Заметим, речь идет о городе, в котором революционеров было полно, и они являлись очень горячими парнями. Там как раз начинал свою карьеру Иосиф Джугашвили.

Большие перемены.

Всё изменилось с появлением на должности начальника Московского охранного отделения полковника Сергея Васильевича Зубатова. Этот человек совершенно выламывался из жандармского фона. Он был стопроцентно штатским — то есть не прослужил в армии ни одного дня. Это единственный случай, когда на столь высокую жандармскую должность был назначен штафирка.

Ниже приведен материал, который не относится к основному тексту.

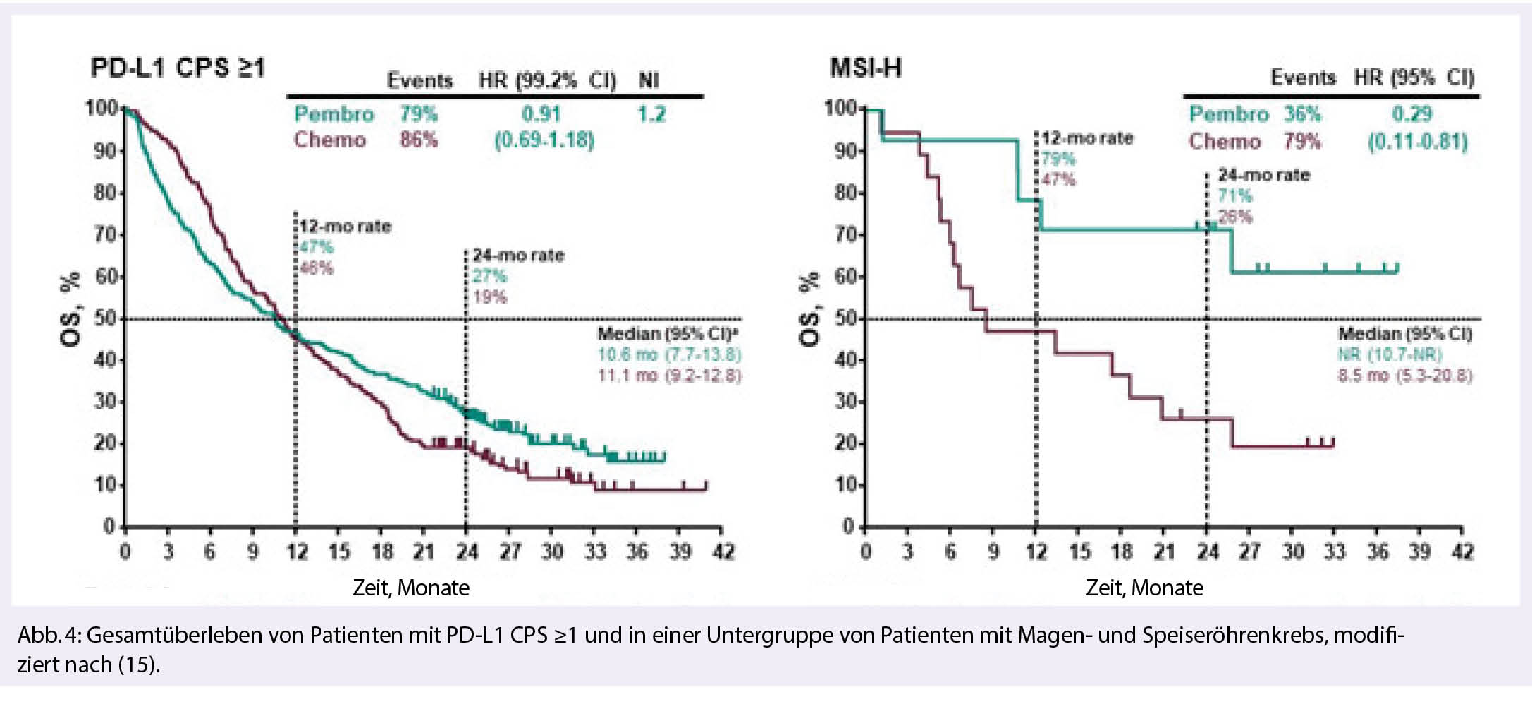 Beim metastasierten Magen/GEJ Karzinom wurden zunächst enttäuschende Daten der KEYNOTE 062 Studie (16) präsentiert. Der Vergleich des Chemoarms mit dem Kombinationsarm Chemo plus Pembrolizumab führte zu keiner Verbesserung des OS. Die später gezeigten Subgruppenanalysen relativieren jedoch deutlich. Insbesondere die MSI high Patienten profitieren deutlich von der Zugabe des PDL-1 Inhibitors. Klarer ist das Bild beim Vergleich Immuntherapie versus Chemo, nebst den MSH-high Tumoren konnten auch die CPS>10 mit verbesserten OS profitieren (Abb. 4).

Родился он 25 марта 1864 года в офицерской семье. В молодости был близок к революционным кружкам — правда, к тем, кто ограничивался спорами и разговорами, но все‑таки… Впоследствии Зубатов разочаровался в революционных идеях и стал убежденным монархистом. Об искренности его новых убеждений свидетельствует то, что после падения монархии Зубатов пустил себе пулю в лоб, в то время как прочие монархисты наперебой присягали Временному правительству.

Некоторое время Зубатов работал секретным агентом, но в 1887 году возникла опасность разоблачения, и его перевели на легальную работу. К 1896 году он дослужился до начальника Московского охранного отделения, которое в то время занимало исключительное положение среди розыскных органов России. Деятельность его распространилась далеко за пределы Москвы и ее губернии.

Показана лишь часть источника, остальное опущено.